2020年9月21日月曜日

『ウインド・リバー』-重量感のある傑作

 ジェレミー・レナーって、何で観た人かと調べてみると『ハート・ロッカー』と『ボーン・レガシー』の主演か。二枚目ではないが、寡黙なタフガイが実に嵌まる。

 「なぜ少女ばかりが殺されるのか」というコピーから連続殺人を扱ったサイコ物なのかと思っていたら、カップルが物語の最初に死ぬだけで、しかも死因は他殺ではない。物語の3年前にもう一人の少女が死んでいるが、そちらの事件の真相は全くわからずじまいだから関係もないかもしれない。まったくミスリーディングなコピーはどうしたわけだ。

 というわけでサイコな連続少女殺人鬼が出てくるわけではまったくないのだが、実にまあ重量感のある傑作だった。

 ネイティブ・アメリカンの居留地「ウインド・リバー」で、他殺ではない殺人事件が起こる。FBIの新米女性捜査官が、ジェレミー・レナー演ずるハンターとともに事件の真相を追う。

 「他殺ではない殺人」というのは何事か。

 死因は零下20度の屋外を走ったために肺が失血した窒息死と検死官は言う。

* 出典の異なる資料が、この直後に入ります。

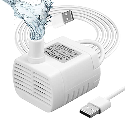 EXLECO USB akvariepump 500 l/H 4 W dränkbara pumpar, minivattenpump, liten fontäpump, filterpump, ultratyst fontän, pump med 1,8 m kabel, 2 mässingsmunstycke för akvarium
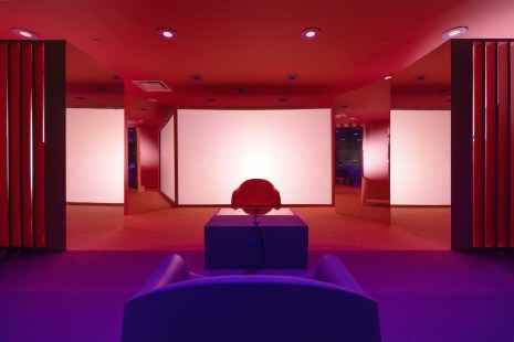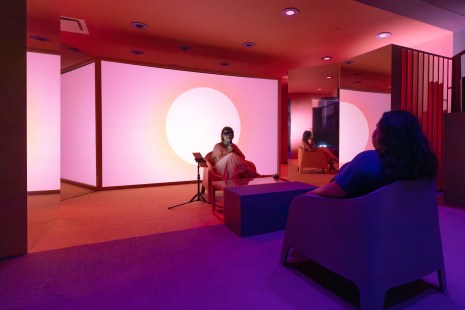 Dans une salle à l’éclairage tamisé, deux fauteuils se font face. Sur l’un, un.e comédien.ne portant des lunettes fumées attend les visiteur.euse.s. Sur l’autre, on peut s’asseoir et prendre le microphone sur la table devant soi pour interroger une intelligence artificielle (IA).
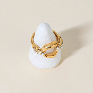 ステンレス304 ニッケルフリー 水に濡れても錆びにくい 18Kゴールドメッキ 2連 重ね付け リング ジルコニア【YJ00997】
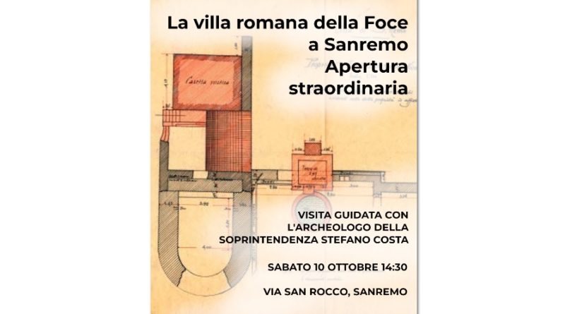Domani (sabato 10 ottobre) il Ministero per i beni e le attività culturali e per il turismo (MiBACT) organizza una visita guidata gratuita alla Villa romana della Foce di Sanremo, uno dei siti archeologici statali di maggiore interesse dell’intera provincia.
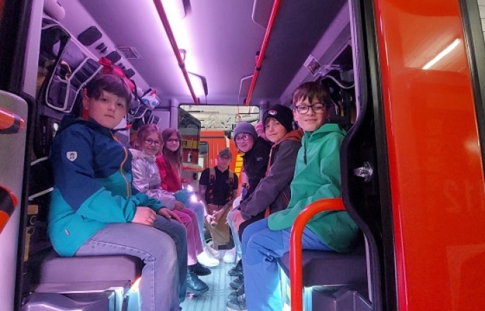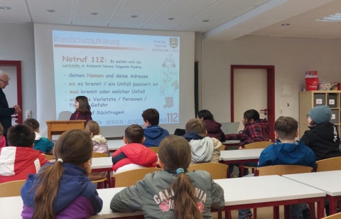 Gleich zu Beginn erfuhren die Schülerinnen und Schüler mehr über die wichtigste Aufgabe der Feuerwehr: das Schützen von Menschen, Tieren und Sachwerten. Besonders interessant war die Schulung zum richtigen Verhalten im Brandfall sowie zum Absetzen eines Notrufs. Die Kinder lernten dabei, wie wichtig es ist, ruhig zu bleiben und die richtigen Informationen weiterzugeben.
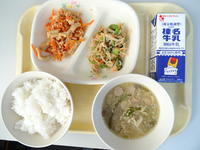 今日の給食は、ごはん、牛乳、ごぼうと卵のスープ、切干大根のごまみそ和え、こぎつねごはんの具です。
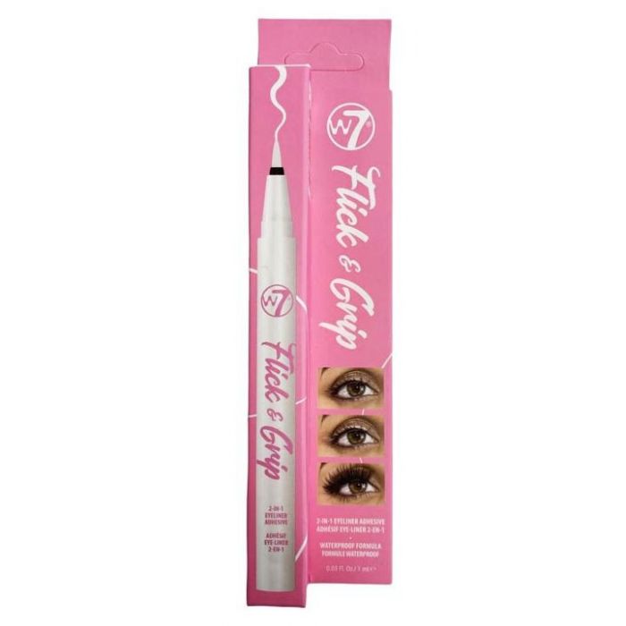 Le Flick & Grip Eyeliner 2EN1 de W7 agit à la fois comme un adhésif pour cils et comme un eyeliner liquide, offrant un fini longue durée.
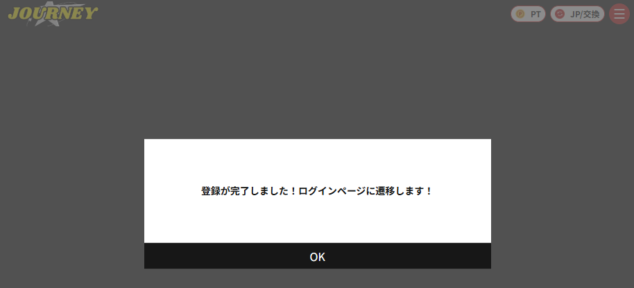 認証コードが正しく入力された場合、登録完了のホップアップが表示されて、ログイン画面に移動します。

だがレイプされており、裸足で屋外を走るのは逃げているからだろうから、殺人と言っていいはずだ。だが検死官は単なる職業倫理から、死因を「他殺」とすることはできないという。死因が「他殺」でないと、他の捜査員は回されない。新米一人では心許ない。なんとか「他殺」にしてもらえないか。検死官は、間違いなく殺人だが、報告書に嘘は書けないと言う。

 このやりとりにしびれる。設定の微妙さにも、検死官の倫理感にも、捜査官の焦燥にも。

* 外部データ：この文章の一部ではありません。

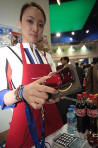 2007中國國際通信設備技術展覽會上,工作人員展示“刷手機消費系統(tǒng)”。顧客只要用裝有特殊芯片的手機在該系統(tǒng)上刷一下,就可完成購物支付過程。新華社發(fā) | 為期四天的2007中國國際通信設備技術展覽會日前在北京落下帷幕。作為今年亞洲規(guī)模最大的信息通信展,它已經(jīng)成為運營商、技術和設備供應商、系統(tǒng)集成商、終端制造商、互聯(lián)網(wǎng)服務及內(nèi)容提供商、媒體、分銷商和廣大消費者等共同分享的通信大餐,而展會中展出的一大批獨具看點的通信產(chǎn)品也成為本次展會的視覺盛宴。
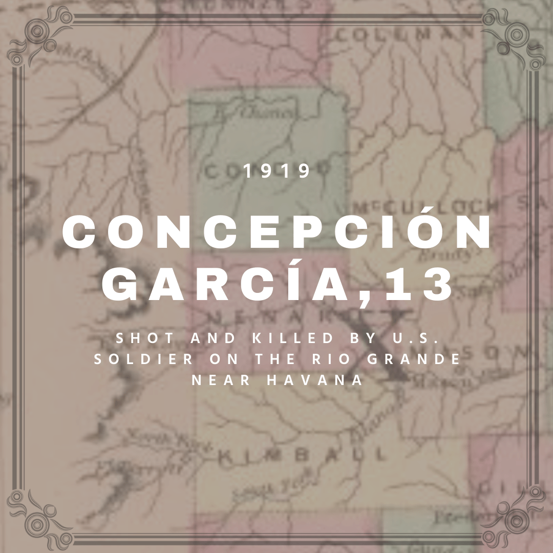 In April 1919, nine-year-old Concepción García lived in Texas to attend school. She became ill and needed to return home to Mexico to recover. With the help of her mother, Maria, and aunt, Concepción attempted to cross the Rio Grande into Mexico. As Concepcíon’s father, Teodoro, looked on from the Mexican bank, he witnessed Lieutenant Gulley of the U.S. Cavalry firing at his family. Concepcíon was shot and died from her injuries. A court martial investigated the shooting and found that Gulley was guilty of manslaughter for firing on unarmed persons. Despite the court finding, acting on the advice of the board of review, the judge advocate general, and the secretary of war, U.S. President Woodrow Wilson ordered the lieutenant freed. Lieutenant Gulley was restored to military duty in September 1919.
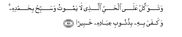 58. Na mtegemee Aliye Hai, ambaye hafi. Na umtukuze kwa sifa zake.

 こういうことがちゃんと描ける脚本も演出も演技も、実に信用がおける。まっとうな映画だ。

 そして基本的には真相に向かって少しずつ迫っていく捜査過程が的確に、緊張感を持って描かれるのが、観ていて心地良い。


 そうしているうちに、トリッキーな映画的描写が不意に使われたりして驚く。部屋の外からノックをしている。画面が切り替わって室内からノックに応じてドアを開けると、外にいるのはさっきのノックの主ではない。別の時間が編集で接続するのだ。

 これを時間ではなく場所でやったのが『羊たちの沈黙』で、最初に観た時は唸ったものだ。

 面白いものを作ろうという意気込みが伝わる。とりあえずこういうふうに驚かされるのも悪くない。


 あるいは銃撃戦の緊迫感も実にうまく描写されている。

 疑心暗鬼から二つの陣営が銃を向け合って一触即発の状態になる。今にも誰かが発砲しそうな緊張感の中、FBIが警察権限を宣言し、自ら銃を収める。

 いったんは収まったものの、その後また結局銃撃戦になってしまうのだが、その絶望的な感じや、にもかかわらずその輪の外にいるハンターが、圧倒的な力で狙撃して相手を倒す爽快感、派手なアクションに度肝を抜かれる感じなど、優れた映画ならではの、観客を揺さぶる力が漲っている。


 さて、世間的な高評価の理由である、ネイティブ・アメリカンの現状を描いた社会的意味についても、もちろん賞賛に値する。

 だがそこにとりわけ価値があるという映画ではない。ドキュメンタリーとしてそうした社会問題を知らされ、考えさせられた、というような映画ではないのだ。何より優れたドラマとして、優れたエンタテインメントとして普遍的な魅力があった。その上で、背景となるアメリカの問題についても知ることができたのはオマケである。貴重なオマケではあるが、決してそのための映画ではない。